Laos was a site of the Ho Chi Minh trail used by North Vietnam. Laos was also bombed by South Vietnamese and American forces due to North Vietnamese occupation of eastern Laos. Laos contains Vietnamese soldiers stationed there since Vietnam and Laos signed a treaty to create a united sphere and to support repair after the Laotian Civil War. Due to its dominance during the 19th century Vietnam regards Cambodia and Laos as vassal tributary states.

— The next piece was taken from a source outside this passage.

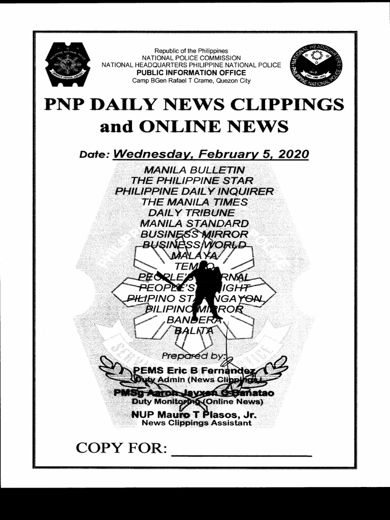 February 5 2020 Pnp Daily News Clippings And Online News Pdf

Overseas Laotian opposition regard the Laotian government as a stooge of Vietnam.

==Bilateral relations and commerce==
Since Laos passed the foreign investment promotion law in 1989 until 2012, Vietnam has invested in total 429 projects with a combined value of US$4.9 billion, and currently the largest foreign investor in Laos.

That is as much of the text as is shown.